• Task brief
Starting with the line that has "①高亮度照明。这款灯的桌面平" and finishing with the line that has "- Decorate the", set down each line below exactly. Pictures are not copied.

• Extracted data

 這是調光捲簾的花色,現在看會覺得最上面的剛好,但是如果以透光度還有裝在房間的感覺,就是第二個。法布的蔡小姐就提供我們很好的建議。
==
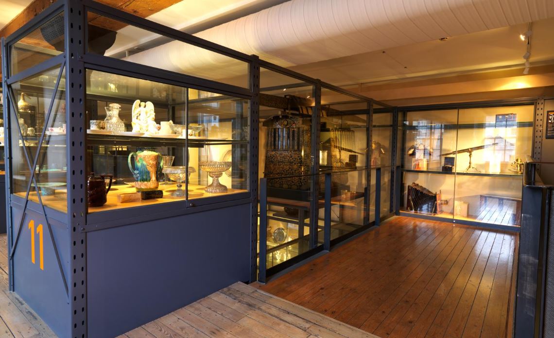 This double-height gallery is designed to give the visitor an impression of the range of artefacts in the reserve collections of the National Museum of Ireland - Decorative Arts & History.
==
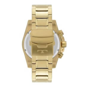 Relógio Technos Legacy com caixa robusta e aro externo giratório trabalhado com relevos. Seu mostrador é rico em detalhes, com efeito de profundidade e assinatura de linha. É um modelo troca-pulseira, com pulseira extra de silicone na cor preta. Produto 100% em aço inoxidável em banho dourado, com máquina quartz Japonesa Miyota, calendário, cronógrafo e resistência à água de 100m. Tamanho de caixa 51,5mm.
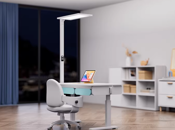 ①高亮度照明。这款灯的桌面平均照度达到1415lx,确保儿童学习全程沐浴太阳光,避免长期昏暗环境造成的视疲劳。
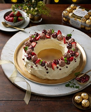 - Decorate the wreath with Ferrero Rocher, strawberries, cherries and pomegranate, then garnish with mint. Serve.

• Your response
 ①高亮度照明。这款灯的桌面平均照度达到1415lx,确保儿童学习全程沐浴太阳光,避免长期昏暗环境造成的视疲劳。
 - Decorate the wreath with Ferrero Rocher, strawberries, cherries and pomegranate, then garnish with mint. Serve.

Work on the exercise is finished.